At a certain age it is easy to find oneself thinking about loves lost and roads not taken.Usually the daydreams are through a Vaseline-covered lens. The inamorata or inamorato appears, like Dorian Gray, ageless. On the other hand, the viewer, if he or she is honest, is following something closer to the ripening of Dorian’s portrait.

Lou Perino (Richard Fancy) is a man in his 70s, dying of lung cancer and wracked with guilt over how, when as young man on his way to the Korean War, he treated his best friend and secret love, Julia Spinelli. (Marley McClean plays a cameo of the young Julia; Roses Prichard is the mature Julia.) In 1951 Lou and Julia had one of those fights that makes it easier to leave someone, but this fight went too far and culminated in rape. Lou’s shame is such that for 50 years he could not return to his hometown, McKeesport, Pa. While Lou pined, wounded Julia still yearned for him.

Now a widower with a prognosis of six months to live, Lou returns to McKeesport determined to see Julia one more time and say he is sorry.When they were young they both worked at the candy counter in a five and dime, Murphy’s, which is about to be torn down . Lou stumbles into the decrepit coffee shop across from the store. Steve (Keith Stevenson), a sloppy, number-running young man, manages the shop. He turns out to be Julia’s son and no fan of what he has heard about Lou.

Frank Malgado (Haskell Vaughn Anderson III), a black man without a mean bone in his body despite whatever ills life has dealt him, bursts into the shop to celebrate the tearing down of Murphy’s. He, too, had worked at the five and dime “back in the day.” As soon as the connection is made, Frank embraces the none too loveable Lou and tries to make peace between him and resentful Steve.

Steve, despite his questionable lifestyle, has been a devoted son. Regretfully, he has moved Julia to a nursing home. She has full-blown Alzheimer’s and there is no way, no how, he is going to let Lou see her or try to make his peace with her. Steve sees Lou’s visit as more about Lou than about Julia. One also suspects he would rather that Lou keep the glowing but dim memory unsullied. Ultimately all three do make the visit. Frank, ever the peacemaker has made it happen. No surprise, Julia does not recognize her son Steve, let alone Lou. Gentle Frank is the only one she connects with, although one senses it is for his warm and gentle spirit, not their shared past.

This is a story for a select audience. Playwright Vince Melocchi has tapped into the essence of the disease; it is hard not to think that he has had firsthand experience caring for someone whose body remains but whose memory and personality have flown. He also has a finely tuned ear for the language of this working-class, rough-on-the-edges community, although the first act seemed more like a work in progress.
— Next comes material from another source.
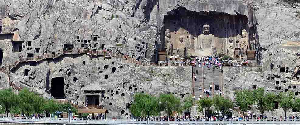 佛教雕刻開始于巖洞寺廟,在那里雕刻的作品大多是浮雕的,這些浮雕包含房屋和建筑,這些浮雕說明了與佛陀教義有關的信念。創造這些寺廟和雕塑不僅獲得了與自己的個人成長相稱的優點,而且為奉獻者提供了崇拜和冥想靈感的參考。大量開鑿的洞穴組成的主要鑿巖場所包括云岡石窟,龍門石窟,麥積山石窟和莫高窟。

It was not until the second act that I found “Julia” compelling. Perhaps because Roses Prichard gives a wonderful performance as the feisty but vacant Julia. Seemingly fragile she strikes out with convincing force and a compelling mix of fear and deluded self-assurance. Lou is ready to flee and Steve would be happy to have him gone, but Frank, ever the peacemaker, does not let Lou go. He instructs Lou to “be in the moment” with Julia then leaves helpless Lou to figure it out alone in the room with Julia. Only late in the scene is it clear that Frank, too, loved Julia but could not act upon it as a black man in the 1950s. Anderson’s subtly nuanced performance slowly demonstrates Frank’s own unexpressed love as he shows Lou what he means by this instruction.

Does learning to be gentle with the Julia of the present tense and getting to hold her at the dance in the nursing home’s common room (whether or not she knows who is holding her) constitute living happily ever after? Maybe so, if “ever after” is six months at best. I generally do not want my theater through that Vaseline-covered lens, but in this case, Melocchi has taken so long for me to want to focus on his characters that I think I will go back to my own handsome Dorians in the original Kodachrome.